━━━ SUPPLIED MATERIAL ━━━

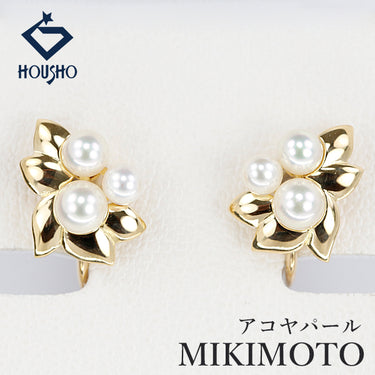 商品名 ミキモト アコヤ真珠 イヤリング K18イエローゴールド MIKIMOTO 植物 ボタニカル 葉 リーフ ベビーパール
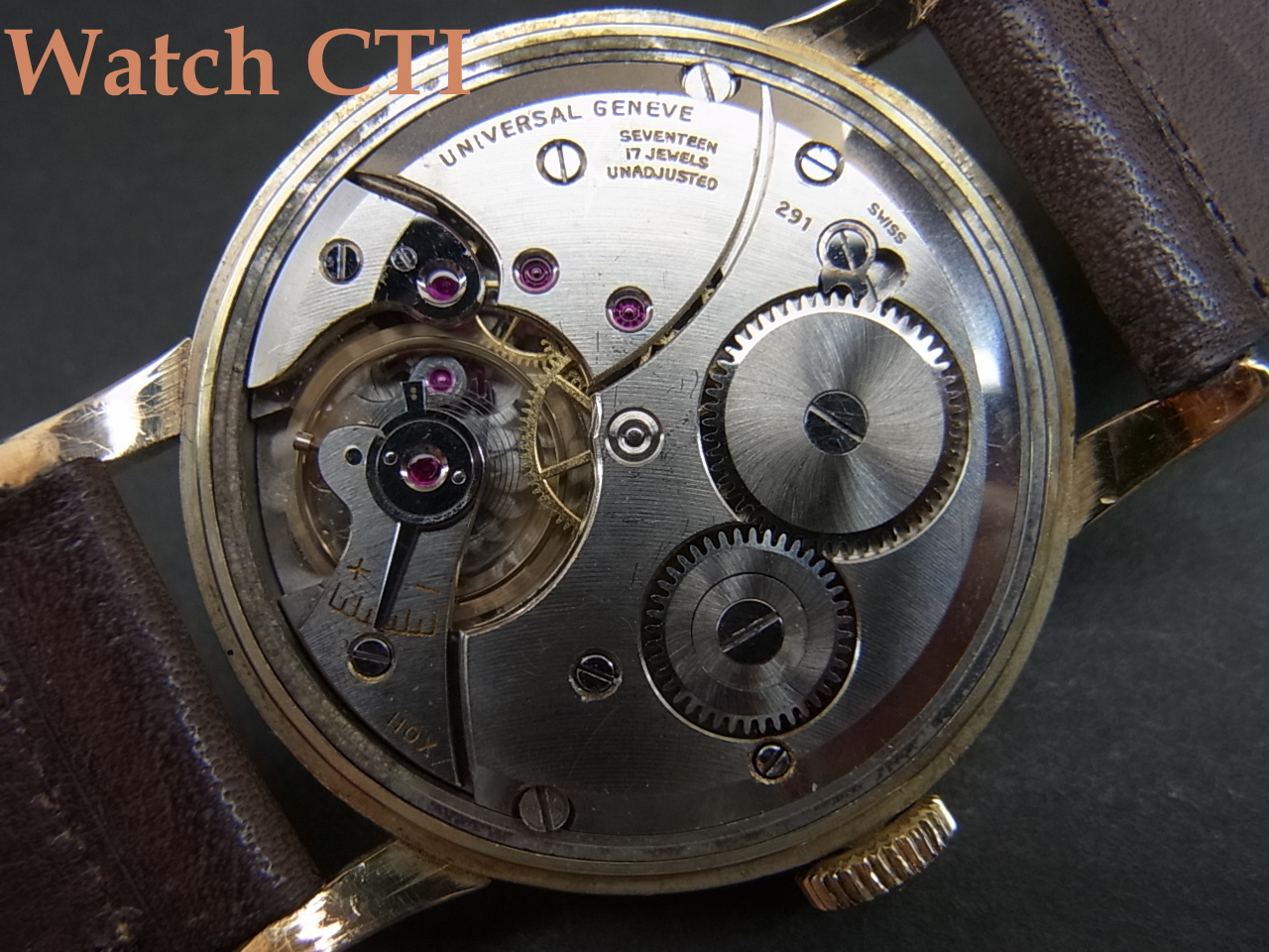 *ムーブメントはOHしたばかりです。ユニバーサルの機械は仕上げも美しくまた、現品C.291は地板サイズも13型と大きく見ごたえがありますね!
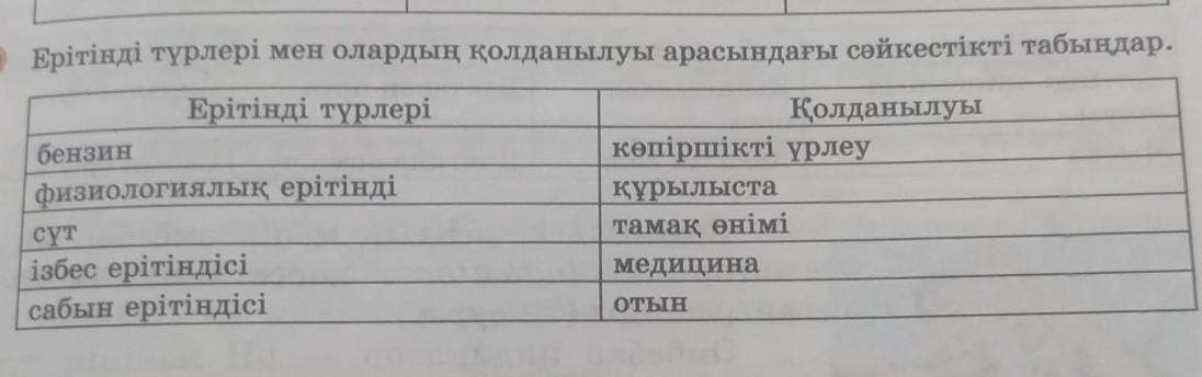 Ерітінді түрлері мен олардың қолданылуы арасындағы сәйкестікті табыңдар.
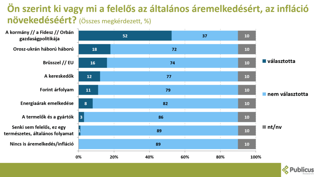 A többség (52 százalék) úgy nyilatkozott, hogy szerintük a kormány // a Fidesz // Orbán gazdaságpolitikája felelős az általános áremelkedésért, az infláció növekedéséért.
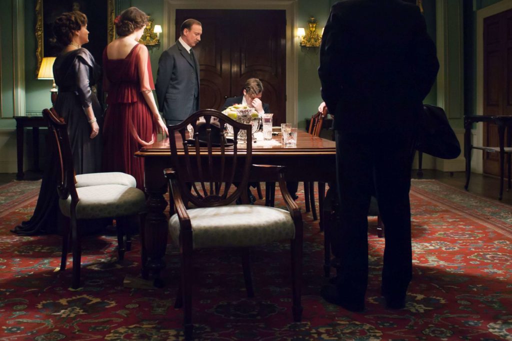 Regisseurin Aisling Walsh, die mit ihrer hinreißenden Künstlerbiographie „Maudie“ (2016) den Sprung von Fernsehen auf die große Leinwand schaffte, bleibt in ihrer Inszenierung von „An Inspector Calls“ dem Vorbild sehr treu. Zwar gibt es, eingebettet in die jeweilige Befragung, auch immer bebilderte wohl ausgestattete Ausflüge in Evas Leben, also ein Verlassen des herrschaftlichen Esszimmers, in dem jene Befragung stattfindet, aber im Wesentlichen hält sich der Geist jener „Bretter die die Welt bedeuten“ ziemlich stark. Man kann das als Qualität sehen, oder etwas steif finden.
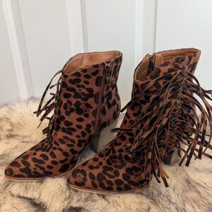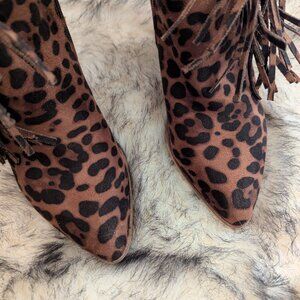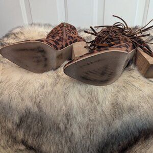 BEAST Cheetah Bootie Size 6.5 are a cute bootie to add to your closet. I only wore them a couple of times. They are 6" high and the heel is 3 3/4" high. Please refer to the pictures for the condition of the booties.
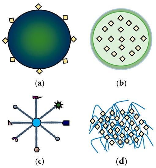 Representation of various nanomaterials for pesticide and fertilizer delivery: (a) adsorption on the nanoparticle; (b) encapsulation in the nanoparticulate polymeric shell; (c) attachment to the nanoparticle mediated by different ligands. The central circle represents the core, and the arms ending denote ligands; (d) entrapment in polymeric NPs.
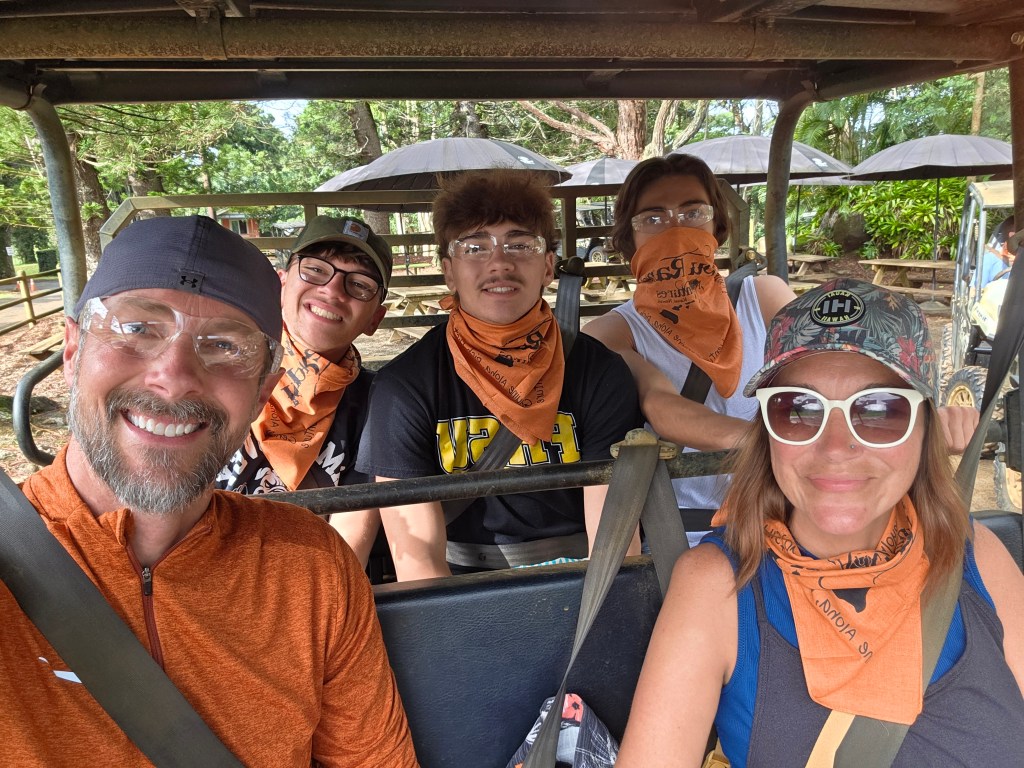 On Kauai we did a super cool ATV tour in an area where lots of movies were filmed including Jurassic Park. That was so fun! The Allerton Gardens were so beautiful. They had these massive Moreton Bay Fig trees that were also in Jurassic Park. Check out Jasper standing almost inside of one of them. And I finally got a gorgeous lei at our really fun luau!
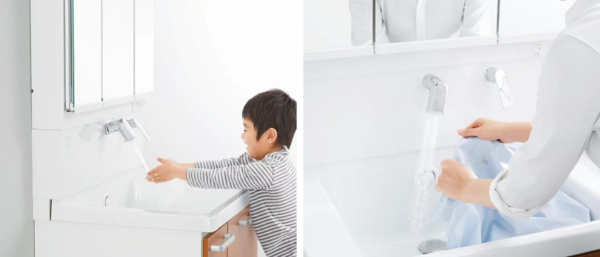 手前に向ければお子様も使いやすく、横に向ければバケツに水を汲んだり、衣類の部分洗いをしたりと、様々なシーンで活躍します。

━━━

> [WORK REQUEST]: Omit every picture while printing the data word for word.

> [TASK RESULT]:
 商品名 ミキモト アコヤ真珠 イヤリング K18イエローゴールド MIKIMOTO 植物 ボタニカル 葉 リーフ ベビーパール
 *ムーブメントはOHしたばかりです。ユニバーサルの機械は仕上げも美しくまた、現品C.291は地板サイズも13型と大きく見ごたえがありますね!
 Ерітінді түрлері мен олардың қолданылуы арасындағы сәйкестікті табыңдар.
 A többség (52 százalék) úgy nyilatkozott, hogy szerintük a kormány // a Fidesz // Orbán gazdaságpolitikája felelős az általános áremelkedésért, az infláció növekedéséért.
 Regisseurin Aisling Walsh, die mit ihrer hinreißenden Künstlerbiographie „Maudie“ (2016) den Sprung von Fernsehen auf die große Leinwand schaffte, bleibt in ihrer Inszenierung von „An Inspector Calls“ dem Vorbild sehr treu. Zwar gibt es, eingebettet in die jeweilige Befragung, auch immer bebilderte wohl ausgestattete Ausflüge in Evas Leben, also ein Verlassen des herrschaftlichen Esszimmers, in dem jene Befragung stattfindet, aber im Wesentlichen hält sich der Geist jener „Bretter die die Welt bedeuten“ ziemlich stark. Man kann das als Qualität sehen, oder etwas steif finden.
 BEAST Cheetah Bootie Size 6.5 are a cute bootie to add to your closet. I only wore them a couple of times. They are 6" high and the heel is 3 3/4" high. Please refer to the pictures for the condition of the booties.
 Representation of various nanomaterials for pesticide and fertilizer delivery: (a) adsorption on the nanoparticle; (b) encapsulation in the nanoparticulate polymeric shell; (c) attachment to the nanoparticle mediated by different ligands. The central circle represents the core, and the arms ending denote ligands; (d) entrapment in polymeric NPs.
 On Kauai we did a super cool ATV tour in an area where lots of movies were filmed including Jurassic Park. That was so fun! The Allerton Gardens were so beautiful. They had these massive Moreton Bay Fig trees that were also in Jurassic Park. Check out Jasper standing almost inside of one of them. And I finally got a gorgeous lei at our really fun luau!
 手前に向ければお子様も使いやすく、横に向ければバケツに水を汲んだり、衣類の部分洗いをしたりと、様々なシーンで活躍します。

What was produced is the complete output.